One thing he learned quickly: Family recipes are sacred and not to be tinkered with. That, he says, doesn't apply at Scratch, which regularly does special dishes and does a seasonal menu change twice yearly, giving Hernandez ample opportunity to flex his wings.

Another lesson learned: Take one significant ingredient and use it multiple ways. A whole duck, for example, can be broken down in-house for entrees, using smaller pieces for their popular lettuce wraps, while the rest is used for a nutritious and flavorful broth.

Although Hernandez likes to smoke the duck for an extra level of flavor when serving it at Scratch, the recipe he shares involves a simple sauté, which helps maintain the meat's inherent tenderness.

Lettuce wraps, he says, are versatile, fast and easy, something he has served his kids. "It's just like eating a taco," says Hernandez, who originally hails from Oaxaca, Mexico.
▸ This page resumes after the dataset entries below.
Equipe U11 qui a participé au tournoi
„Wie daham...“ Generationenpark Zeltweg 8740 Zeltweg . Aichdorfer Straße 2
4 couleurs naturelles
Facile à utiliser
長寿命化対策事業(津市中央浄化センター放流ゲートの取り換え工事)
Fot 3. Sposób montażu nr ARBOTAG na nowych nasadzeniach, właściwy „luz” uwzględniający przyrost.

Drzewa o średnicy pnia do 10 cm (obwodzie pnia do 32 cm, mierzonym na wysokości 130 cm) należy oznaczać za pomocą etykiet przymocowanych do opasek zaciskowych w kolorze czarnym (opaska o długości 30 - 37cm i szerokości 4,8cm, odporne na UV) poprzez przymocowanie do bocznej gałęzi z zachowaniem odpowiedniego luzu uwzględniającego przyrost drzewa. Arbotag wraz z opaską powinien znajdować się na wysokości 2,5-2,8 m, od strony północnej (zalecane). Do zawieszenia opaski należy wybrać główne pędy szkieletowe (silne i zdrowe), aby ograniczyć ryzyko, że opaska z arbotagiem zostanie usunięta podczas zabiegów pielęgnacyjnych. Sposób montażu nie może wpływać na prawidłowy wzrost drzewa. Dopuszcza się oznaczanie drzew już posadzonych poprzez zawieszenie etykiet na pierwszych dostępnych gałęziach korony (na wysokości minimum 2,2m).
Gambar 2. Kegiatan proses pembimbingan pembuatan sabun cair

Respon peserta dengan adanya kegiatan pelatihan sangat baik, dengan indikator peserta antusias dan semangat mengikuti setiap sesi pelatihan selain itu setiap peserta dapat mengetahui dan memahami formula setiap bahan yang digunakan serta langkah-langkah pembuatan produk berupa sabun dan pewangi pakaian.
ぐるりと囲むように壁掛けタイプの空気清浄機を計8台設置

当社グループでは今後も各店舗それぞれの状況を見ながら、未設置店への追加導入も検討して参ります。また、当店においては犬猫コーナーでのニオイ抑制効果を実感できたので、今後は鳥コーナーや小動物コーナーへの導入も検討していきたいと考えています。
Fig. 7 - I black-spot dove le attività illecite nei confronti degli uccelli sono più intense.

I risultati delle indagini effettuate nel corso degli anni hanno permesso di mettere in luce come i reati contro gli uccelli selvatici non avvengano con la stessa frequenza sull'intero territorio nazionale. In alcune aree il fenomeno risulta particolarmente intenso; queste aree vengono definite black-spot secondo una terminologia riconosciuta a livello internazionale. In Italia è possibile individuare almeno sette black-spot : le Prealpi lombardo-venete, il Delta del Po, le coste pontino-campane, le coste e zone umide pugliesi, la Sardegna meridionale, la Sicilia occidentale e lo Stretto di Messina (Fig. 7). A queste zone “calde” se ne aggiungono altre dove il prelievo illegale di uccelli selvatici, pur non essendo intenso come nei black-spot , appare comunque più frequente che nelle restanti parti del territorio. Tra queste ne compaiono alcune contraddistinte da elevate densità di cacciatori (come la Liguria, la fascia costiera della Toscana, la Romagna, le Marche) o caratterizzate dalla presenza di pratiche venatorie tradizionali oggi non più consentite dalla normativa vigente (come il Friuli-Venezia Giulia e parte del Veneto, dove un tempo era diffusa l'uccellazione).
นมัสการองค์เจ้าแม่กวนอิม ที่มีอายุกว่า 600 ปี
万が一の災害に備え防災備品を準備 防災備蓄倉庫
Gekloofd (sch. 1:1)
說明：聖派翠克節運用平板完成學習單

Hernandez intends to slowly incorporate more Oaxacan dishes, such as one his mother made involving zucchini flowers and epazote, a pungent herb often used in parts of both Mexico and Central America. Although he struck out finding a reliable source for the flowers — pulling the buds diminishes the plant yield — his description of the dish intrigued one Green Bluff grower who asked for the recipe.

Also on his list are peppers, which offer flavors ranging from sweet to hot to smoky, as well as salsas, pork and moles, which he describes as a staple of Oaxacan cooking.

Hernandez credits his mother with his love of cooking, something he's able to do for her when he visits her in Mexico. She's visited Spokane once since he's lived here, says Hernandez, who made her a simple spaghetti and meatballs dish at her request, with one small alteration: red pepper flakes.

"You know us Mexicans," he says, "we like heat.

"The more I know, the more interesting it gets," says Hernandez.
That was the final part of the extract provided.